## STORED DATA
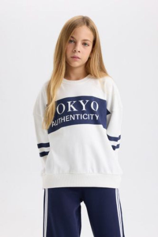 K?z Cocuk Oversize Genis Kal?p Bisiklet Yaka Bask?l? Sweatshirt
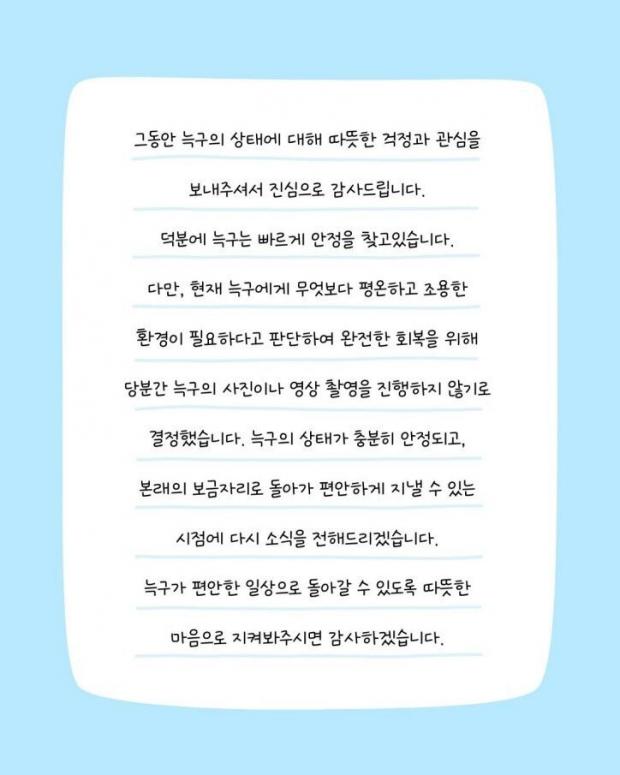 대전 오월드는 22일 홈페이지 공지 사항을 통해 "그동안 많은 분들께서 늑구의 상태에 대해 걱정과 관심을 보내주신 점 진심으로 감사드립니다. 덕분에 늑구는 빠르게 안정을 찾고 있습니다"라고 감사 인사를 전하고 "현재 늑구에게 무엇보다 평온하고 조용한 환경이 필요하다고 판단하여 완전한 회복을 위해 당분간 늑구의 사진이나 영상 촬영을 진행하지 않기로 결정했다"고 전했다.
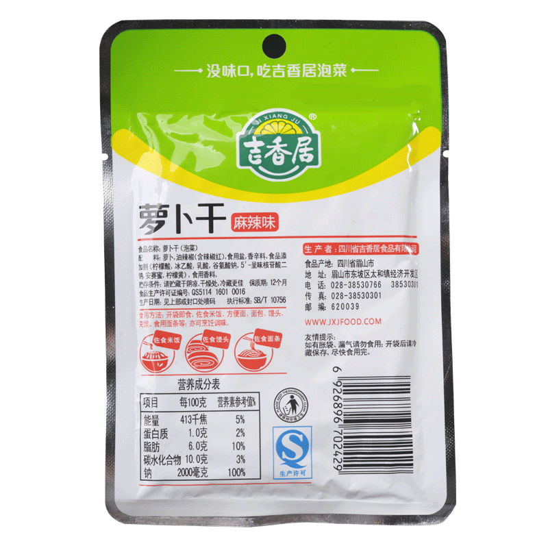 吉香居麻辣味萝卜干菜脯80g 萝卜干、菜脯 |
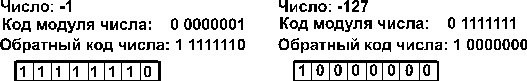 2. Обратный код. Получается инвертированием всех цифр двоичного кода абсолютной величины числа, включая разряд знака: нули заменяются единицами, а единицы — нулями. Например:
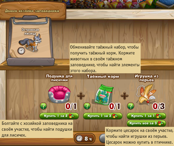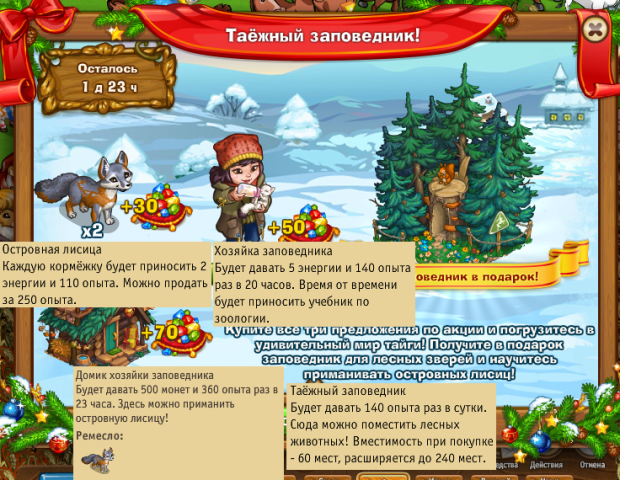 Чужих зверей не бывает! Именно так считает наша новая гостья. Хозяйка заповедника заботится о каждом малыше, нуждающемся в ласке и внимании. Поэтому в ней души не чают все лесные животные, а также такие редкие создания, как островные лисицы! Только 25 и 26 февраля покупай хозяйку заповедника, её домик и пару островных лисичек и получи таёжный заповедник в подарок!
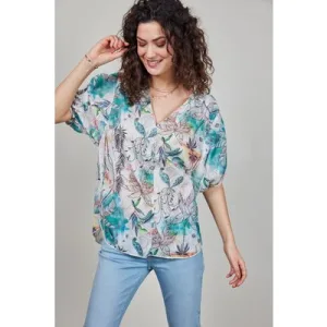 DIDI Blouse S/s Flare In Feather Grey With Ocean Treasure
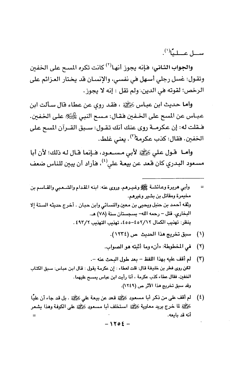 فقلت له: إن عكرمة روى عنك أنك تقول: سبق القرآن المسح على الخفين. فقال: كذب عكرمة. يعني غلط.
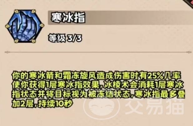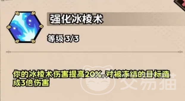 而强化冰棱术则是提升冰系法术伤害的关键天赋,一旦将其点起来,冰棱术的威力将会得到质的飞跃,它能够强化你的冰棱术伤害,使其提高20%,不仅如此对于被冻结的目标,强化后的冰棱术更是能够造成3倍的高额伤害,寒冰指是当大家的寒冰箭和霜冻旋风造成伤害时,会有25%的几率使大家获得一层塞冰指效果,这个几率虽然并非每次都能触发,但在持续的攻击过程中,积少成多,也能为玩家积累起可观的寒冰指层数。
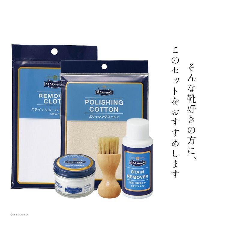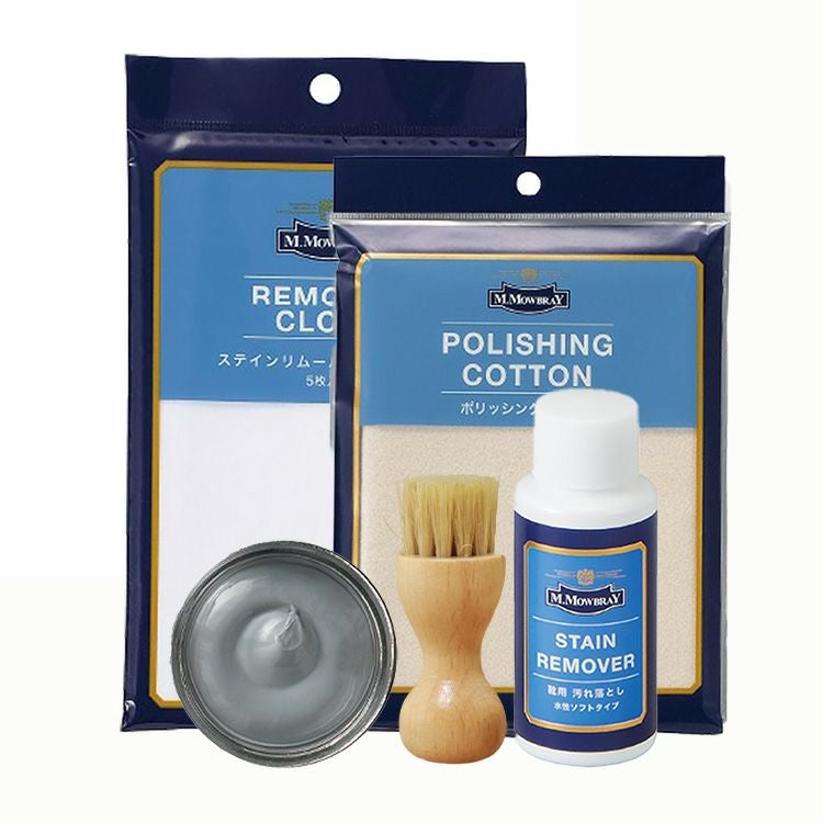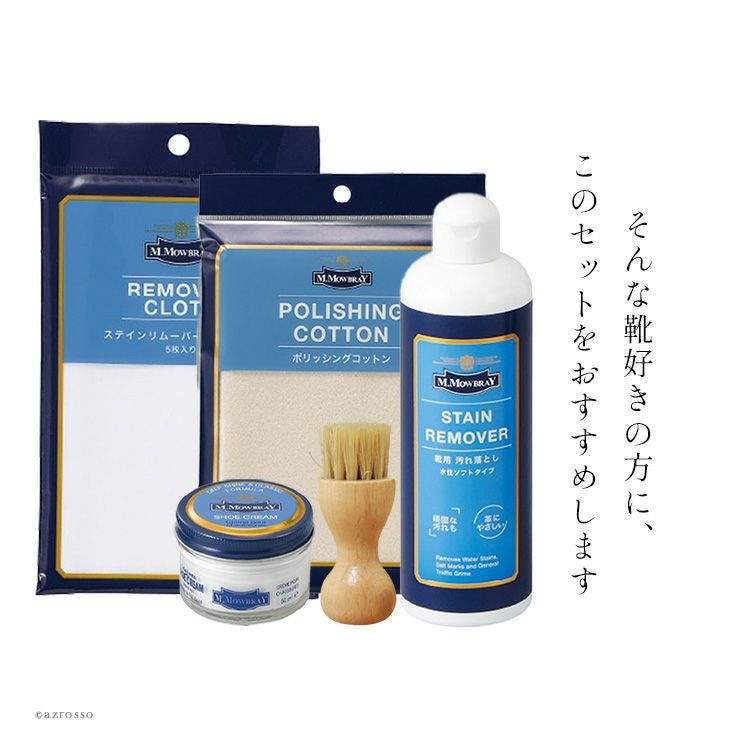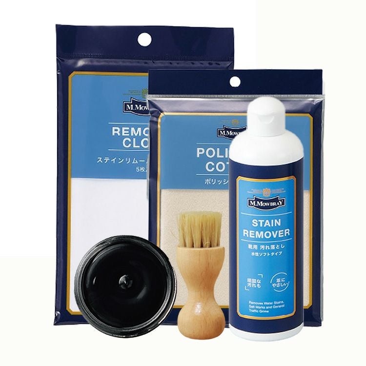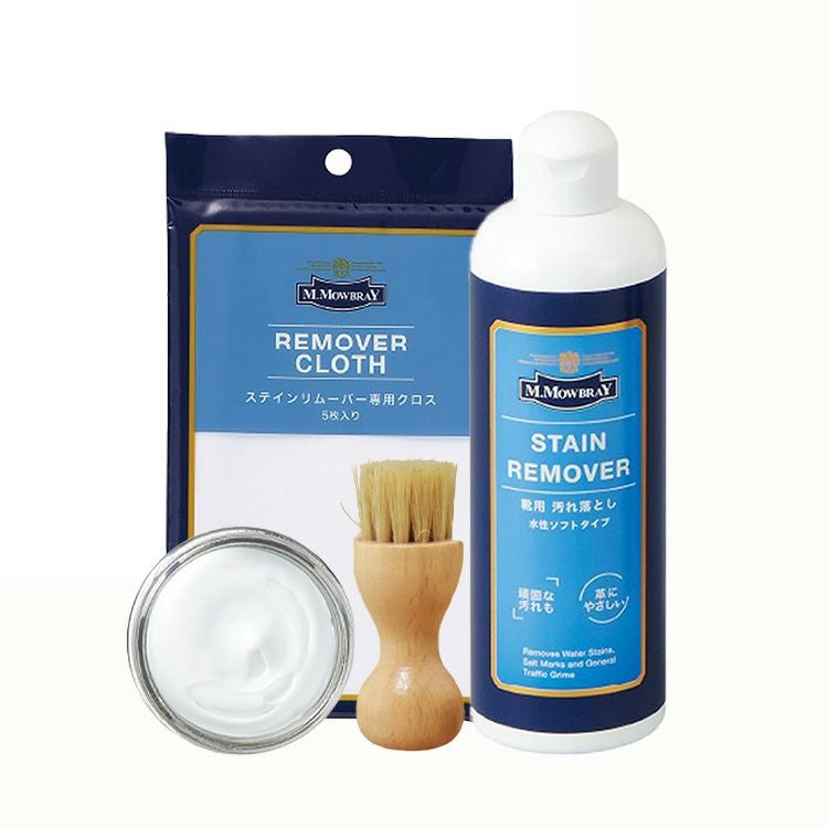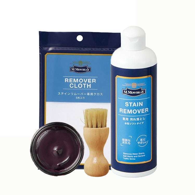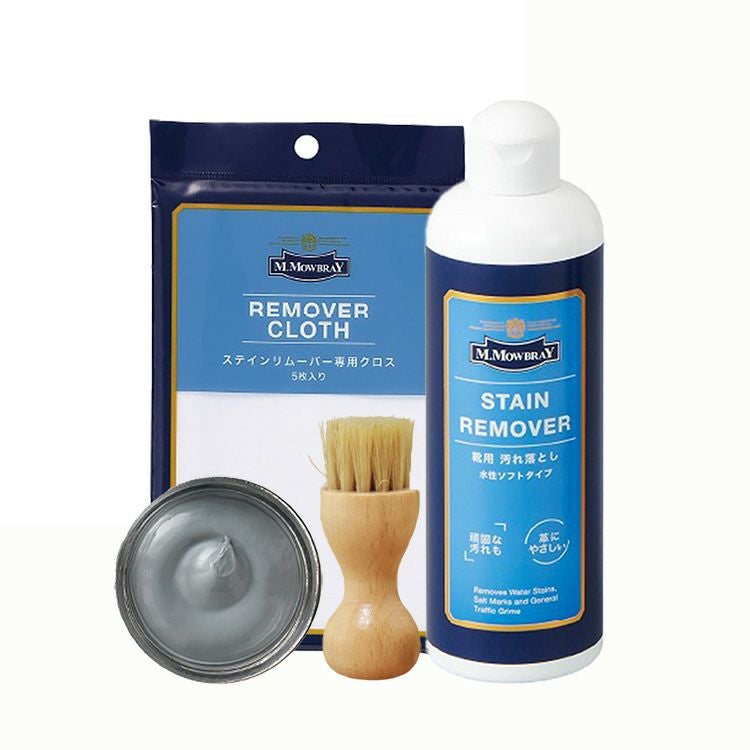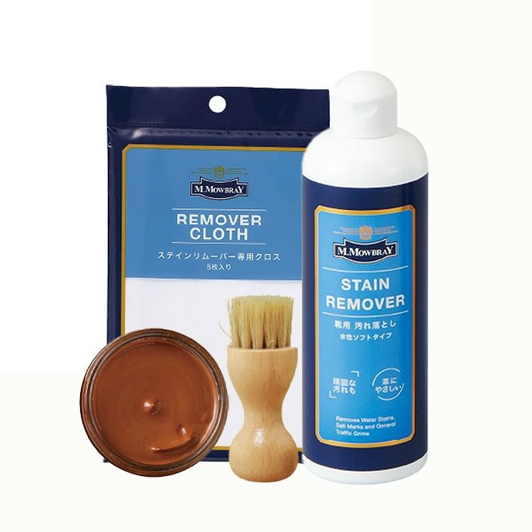 ヨーロッパで人気のシューケアブランド、M.MOWBRAY(モウブレイ)のステインリムーバーと高級な発色の革靴クリームをセットに、定番のペネトレィトブラシとリムーバークロス付き。 モウブレイ ステインリムーバー300 シュークリーム ジャー ブラシ クロス 靴 皮革 艶出し クリーム 手入れセット M.モゥブレィ M.MOWBRAY レザー お手入れ 靴磨き 革 スムースレザー ケア 大容量
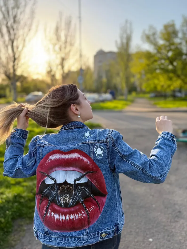 Crafted from premium-quality denim, this jacket not only stands out visually but also offers exceptional comfort and durability. The hand-painted artwork is sealed with protective coating, ensuring it remains vibrant and crack-free even after years of wear. It’s fashion that lasts, both in quality and creativity.
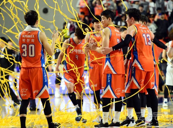 4일 인천 삼산월드체육관에서 열린 ‘2018-2019 SKT 5GX 프로농구’ 인천 전자랜드와 창원 LG의 4강 플레이오프 1차전 경기에서 전자랜드가 LG에 86-72로 승리한 뒤 선수들이 코트에서 기쁨을 나누고 있다.
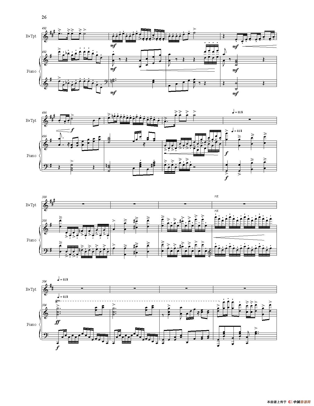 说明:这里发布的是小号小协奏曲《祖国,我属于你》作品的小号独奏与钢琴伴奏谱。
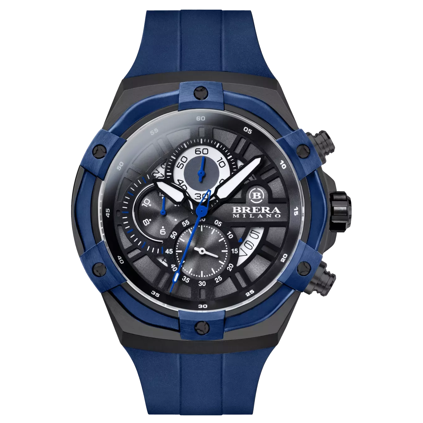 CASSA: Acciaio Inox (316L) – Spazzolata – IP Nero DIMENSIONE CASSA: Ø45 mm – H 13.45 mm CORONA: Acciaio Inox (316L) Ø7.5 mm – Chiusura a Vite GHIERA: Acciaio Inox (316L) IP Blu – Intercambiabile con viti disegno Brera CRISTALLO: Zaffiro Antiriflesso QUADRANTE: Multilivello [:en] CASE: Stainless Steel (316L) – Brushed – Black IP CASE SIZE: Ø45 mm – H 13.45 mm CROWN: Stainless Steel (316L) Ø7.5 mm – Screw-Down Crown System BEZEL: Stainless Steel (316L) Blue IP – Interchangeable with Brera screws CRYSTAL: Antireflective Sapphire DIAL: Multilevel [:] |
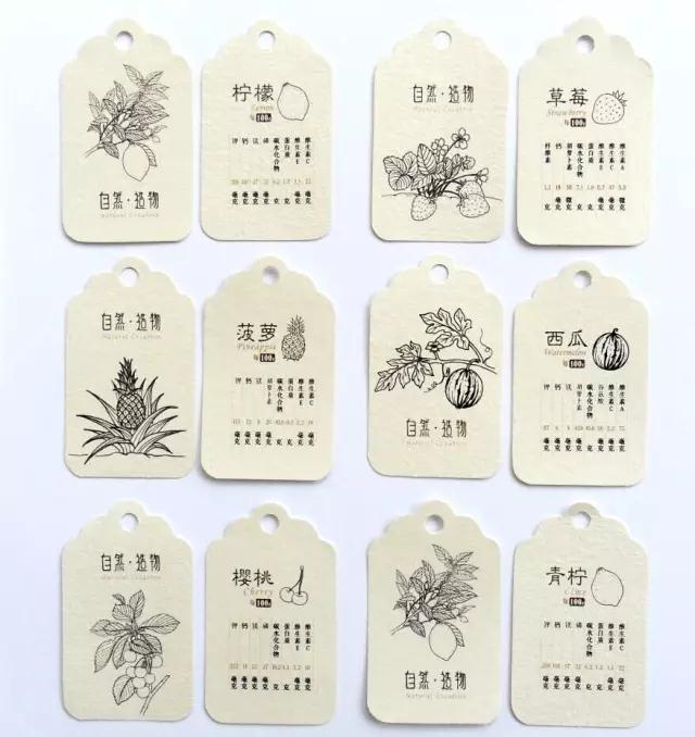 標(biāo)簽——畫(huà)出了每種水果的生長(zhǎng)形態(tài),標(biāo)簽背面是水果的營(yíng)養(yǎng)價(jià)值。人們可以通過(guò)這個(gè)標(biāo)簽來(lái)了解水果,等于上了一堂生物課??!
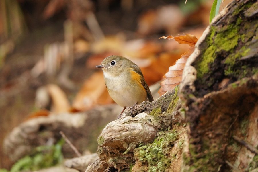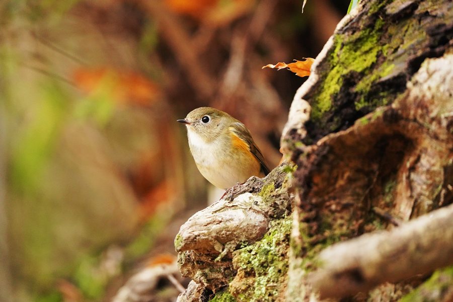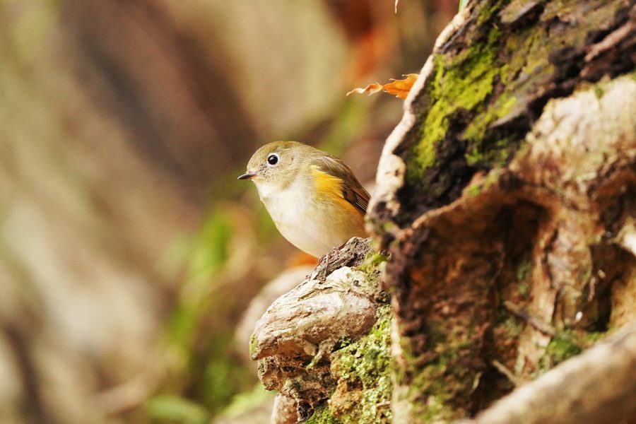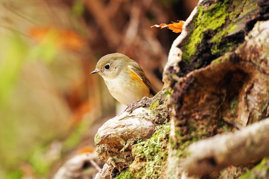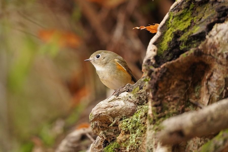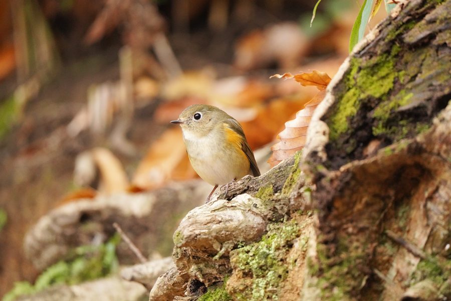 | 12日に撮影したルリビタキ♀です。クロジを撮ろうとこの山に来たのですが、1時間以上待っても姿を見られませんでした。帰ろうとした時ルリビタキ♀がコナラの木の露出し根などに姿を見せました。 |
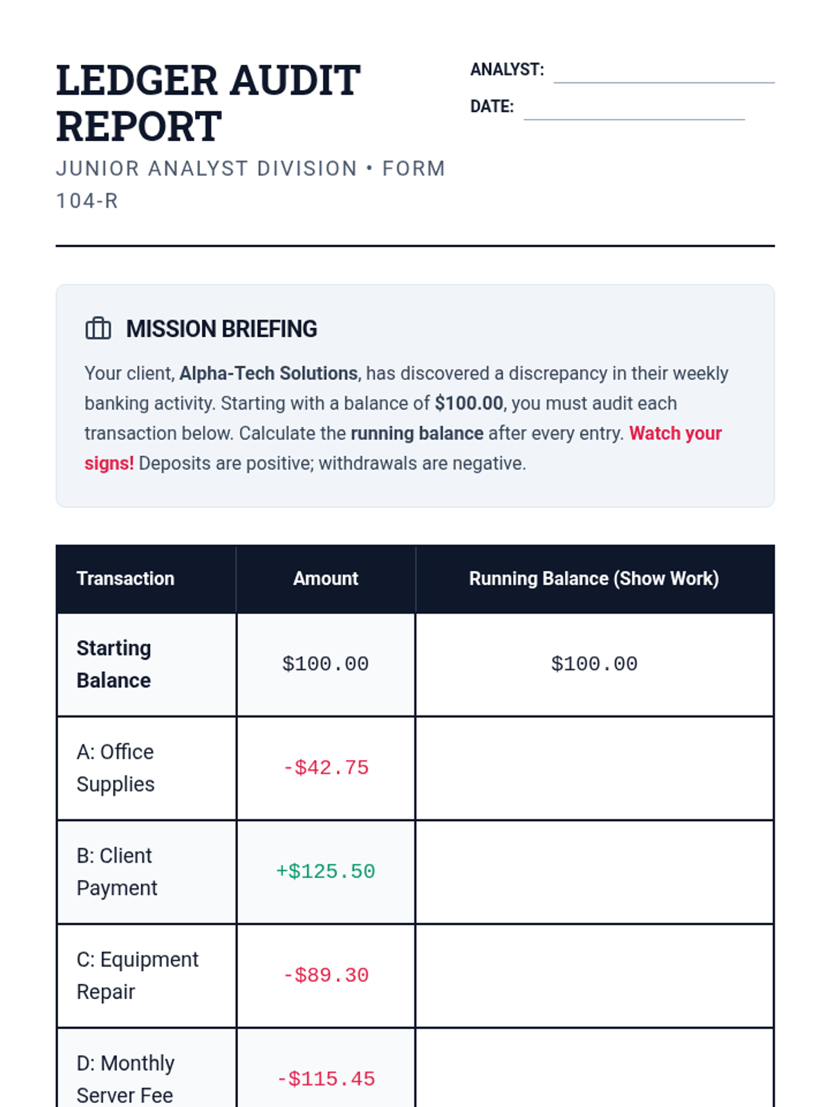 A 5-lesson unit where 8th-grade students act as financial analysts to master operations with rational numbers through real-world simulations of bank ledgers, stock markets, and debt division.
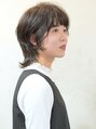 フロントをマッシュに切り込んだマッシュウルフスタイル。パーマで柔らかな動きをつけてハードなテイストになりすぎないようにしています。

## YOUR INSTRUCTIONS
Could you print the material above word for word and skip the images?

## EXERCISE RESULT
 K?z Cocuk Oversize Genis Kal?p Bisiklet Yaka Bask?l? Sweatshirt
 대전 오월드는 22일 홈페이지 공지 사항을 통해 "그동안 많은 분들께서 늑구의 상태에 대해 걱정과 관심을 보내주신 점 진심으로 감사드립니다. 덕분에 늑구는 빠르게 안정을 찾고 있습니다"라고 감사 인사를 전하고 "현재 늑구에게 무엇보다 평온하고 조용한 환경이 필요하다고 판단하여 완전한 회복을 위해 당분간 늑구의 사진이나 영상 촬영을 진행하지 않기로 결정했다"고 전했다.
 吉香居麻辣味萝卜干菜脯80g 萝卜干、菜脯 |
 2. Обратный код. Получается инвертированием всех цифр двоичного кода абсолютной величины числа, включая разряд знака: нули заменяются единицами, а единицы — нулями. Например:
 Чужих зверей не бывает! Именно так считает наша новая гостья. Хозяйка заповедника заботится о каждом малыше, нуждающемся в ласке и внимании. Поэтому в ней души не чают все лесные животные, а также такие редкие создания, как островные лисицы! Только 25 и 26 февраля покупай хозяйку заповедника, её домик и пару островных лисичек и получи таёжный заповедник в подарок!
 DIDI Blouse S/s Flare In Feather Grey With Ocean Treasure
 فقلت له: إن عكرمة روى عنك أنك تقول: سبق القرآن المسح على الخفين. فقال: كذب عكرمة. يعني غلط.
 而强化冰棱术则是提升冰系法术伤害的关键天赋,一旦将其点起来,冰棱术的威力将会得到质的飞跃,它能够强化你的冰棱术伤害,使其提高20%,不仅如此对于被冻结的目标,强化后的冰棱术更是能够造成3倍的高额伤害,寒冰指是当大家的寒冰箭和霜冻旋风造成伤害时,会有25%的几率使大家获得一层塞冰指效果,这个几率虽然并非每次都能触发,但在持续的攻击过程中,积少成多,也能为玩家积累起可观的寒冰指层数。
 ヨーロッパで人気のシューケアブランド、M.MOWBRAY(モウブレイ)のステインリムーバーと高級な発色の革靴クリームをセットに、定番のペネトレィトブラシとリムーバークロス付き。 モウブレイ ステインリムーバー300 シュークリーム ジャー ブラシ クロス 靴 皮革 艶出し クリーム 手入れセット M.モゥブレィ M.MOWBRAY レザー お手入れ 靴磨き 革 スムースレザー ケア 大容量
 Crafted from premium-quality denim, this jacket not only stands out visually but also offers exceptional comfort and durability. The hand-painted artwork is sealed with protective coating, ensuring it remains vibrant and crack-free even after years of wear. It’s fashion that lasts, both in quality and creativity.
 4일 인천 삼산월드체육관에서 열린 ‘2018-2019 SKT 5GX 프로농구’ 인천 전자랜드와 창원 LG의 4강 플레이오프 1차전 경기에서 전자랜드가 LG에 86-72로 승리한 뒤 선수들이 코트에서 기쁨을 나누고 있다.
 说明:这里发布的是小号小协奏曲《祖国,我属于你》作品的小号独奏与钢琴伴奏谱。
 CASSA: Acciaio Inox (316L) – Spazzolata – IP Nero DIMENSIONE CASSA: Ø45 mm – H 13.45 mm CORONA: Acciaio Inox (316L) Ø7.5 mm – Chiusura a Vite GHIERA: Acciaio Inox (316L) IP Blu – Intercambiabile con viti disegno Brera CRISTALLO: Zaffiro Antiriflesso QUADRANTE: Multilivello [:en] CASE: Stainless Steel (316L) – Brushed – Black IP CASE SIZE: Ø45 mm – H 13.45 mm CROWN: Stainless Steel (316L) Ø7.5 mm – Screw-Down Crown System BEZEL: Stainless Steel (316L) Blue IP – Interchangeable with Brera screws CRYSTAL: Antireflective Sapphire DIAL: Multilevel [:] |
 標(biāo)簽——畫(huà)出了每種水果的生長(zhǎng)形態(tài),標(biāo)簽背面是水果的營(yíng)養(yǎng)價(jià)值。人們可以通過(guò)這個(gè)標(biāo)簽來(lái)了解水果,等于上了一堂生物課??!
 | 12日に撮影したルリビタキ♀です。クロジを撮ろうとこの山に来たのですが、1時間以上待っても姿を見られませんでした。帰ろうとした時ルリビタキ♀がコナラの木の露出し根などに姿を見せました。 |
 A 5-lesson unit where 8th-grade students act as financial analysts to master operations with rational numbers through real-world simulations of bank ledgers, stock markets, and debt division.
 フロントをマッシュに切り込んだマッシュウルフスタイル。パーマで柔らかな動きをつけてハードなテイストになりすぎないようにしています。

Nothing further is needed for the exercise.